May 14th, 2009 | No Comments | Posted by in Events, Journalism

“Breaking News might be documentary theatre. It might be more technically absorbing than (strictly speaking) poetically engaging or playful. It might, in truth be a very long way from Aeschylus. But Aeschylus was an inventor, a radical maker, two and a half thousand years ago, of a new thing called drama. In all their work, and most ambitiously to date in Breaking News, Rimini Protokoll have created live spectacles that are similarly new for the media-orientated 21st century.” (James Woodall, Breaking News programme, 2009)

A friend recently went on holiday and emailed another of our friends an update: she had redefined the trip as ‘educational visit’ and now was enjoying it much better.

I undertook a similar exercise at the theatre at the weekend: once I’d redefined ‘Breaking News’ as two hours (without an interval) of informative, rather than necessarily entertaining, activity, I was much more settled in my seat at the Theatre Royal in Brighton last Saturday.
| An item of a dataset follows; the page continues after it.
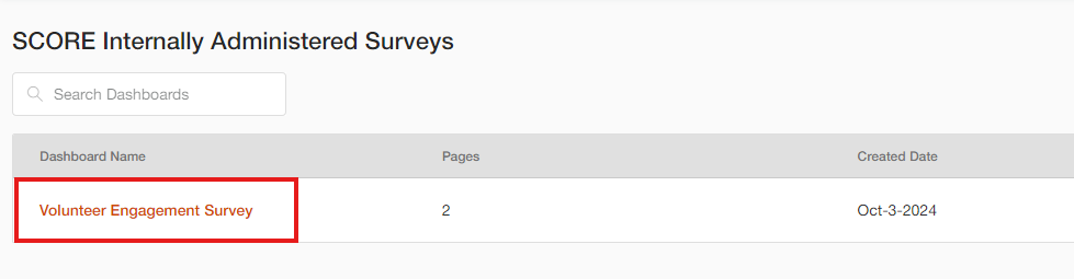 SCORE Internally Administered Surveys: This section contains Volunteer Survey information.

Rimini Protokoll is the German company (‘the sort of outfit that probably could come only from Germany’), except they don’t call themselves a ‘company’, which produces Breaking News, their latest ‘documentary’ theatre endeavour – visiting Brighton for its UK premiere.

“[G]enerally, they use neither actors nor published texts; and because they do not really consider themselves a company. So what is left? What are they? What do they make?”
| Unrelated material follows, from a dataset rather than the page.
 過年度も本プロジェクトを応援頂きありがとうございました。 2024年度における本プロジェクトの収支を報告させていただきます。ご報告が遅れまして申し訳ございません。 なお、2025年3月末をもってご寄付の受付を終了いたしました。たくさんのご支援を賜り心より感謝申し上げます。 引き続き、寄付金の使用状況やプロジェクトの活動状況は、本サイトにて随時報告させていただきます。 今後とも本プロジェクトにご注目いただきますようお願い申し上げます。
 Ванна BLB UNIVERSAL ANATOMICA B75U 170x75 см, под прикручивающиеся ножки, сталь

Good question from theatre critic, James Woodall, in his introductory notes in the programme. On this occasion, Rimini Protokoll have brought together eight international ‘news people’, all based in Germany, onto one stage, to live-interpret the news from their variously angled satellite dishes. The ninth contributor is an exception: Ray, from Ship Street in Brighton. Perhaps they found him in the Cricketers.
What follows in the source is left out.